The Playhouse Defective (1986)

We're not out of the dark yet. The Great Mouse Detective is remembered quite fondly by a lot of Disney aficionados, probably more so than it deserves to be. It's not hard to see why. First off, there's Vincent Price as Ratigan, the only animated villain who could out-smile the Joker. Price LOVES his character, and every scene Ratigan is in is a shot of espresso. Second, there's a lot of fun to be had in the movie, from Melissa Manchester's number to the satisfyingly gruesome demise of Felicia the cat; and the Rube-Goldberg events leading up to the line "Smile everyone!" tickle my inner child every time.

But for all of the beats where the movie works there is an underlying issue that people seem to give The Black Cauldron's follow-up a pass on. The Holmes/Watson dynamic fails. The core of a Sherlock Holmes story is to give the reader the same information Holmes is getting and then marvel at how much better he is at putting it together. And while The Great Mouse Detective isn't meant to be a legitimate Holmes story but more of a kid's introduction to the concept, it misses out on that fundamental element. Not a problem by itself, but instead of making Basil a relatable hero for the audience they flanderize him into an intellectual lunatic, and nothing more. We can see that he does trigonometry in his head but we're never allowed to experience the story from inside it.

This of course is the same stumbling block every portrayal of Sherlock Holmes has to work around, and the success depends on Dr. Watson, who serves as our liaison. This version's Watson (David Q. Dawson) is also flanderized into the bumbling sidekick with a British accent. Apart from that he has no other definable traits.

For me though, the most glaring flaw is the climax in the clock tower. It's one of the earliest uses of CGI animation, and the build up to is brilliant. But just when you think it's about to get going, it's over; I think even Yoda's fight with Count Dooku lasted longer. I think that one scene sums up my reaction to the film as a whole. It's disappointing, because it could have been awesome. It's so hard not to root for Ratigan on principle.

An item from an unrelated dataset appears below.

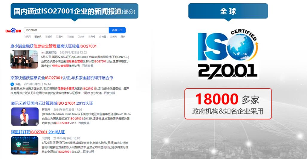 ISO27001是信息安全领域的管理最著名的权威标准,类似于质量管理认证的 ISO9000标准。当组织(企业)通过了ISO27001的认证,就相当于通过ISO9000的质量认证一般,表示组织(企业)信息安全管理已建立了一套科学有效的管理作为保障。

All Over & Complacency (1988)

(Do you want to try writing spoof titles for all these films?) Oliver & Company is the reimagining of Oliver Twist, although you'd be forgiven if you made it through the whole movie and never picked up on that. I'm actually racking my brain to remember anything about this movie, and I keep coming back to the realization that the character of Oliver could easily have been adapted out altogether.

More than anybody else, I remember Dodger. Not because he was all that great of a character, but the plot they developed seemed to favor him for whatever reason. I still don't see Billy Joel as a cartoon character, much less a terrier mix. I imagine his casting had to with the production team's assumption that music hadn't changed in five or six years, but as soon as that opening number starts you know the movie is already outdated. And Disney has the distinction of getting three strikes with a single swing: one for green lighting the line "Absoltively posilutely", one for using the line to promote the movie like it was going to catch on, and then one posthumous strike for having been in a dog-centric world and squandering the best chance of making "fetch" happen. Go to the showers.

Even though Oliver & Company was released a few months after Who Framed Roger Rabbit, and The Little Mermaid was well into its final production stage, you can kind of sense an impact Roger Rabbit had on Ariel that Oliver missed out on. Oliver didn't feel like Disney, and by this point & Company didn't seem to even know what they were anymore. But then Steven Spielberg got the Looney Tunes over to the mouse-house for a couple of months and gave them a nice pie-in-the-face reminder of what they weren't. And from there, a mermaid grew tired of the dark place she was brought up in and traded it for a chance to walk in the sun. And thus, the Dark Age came to an end.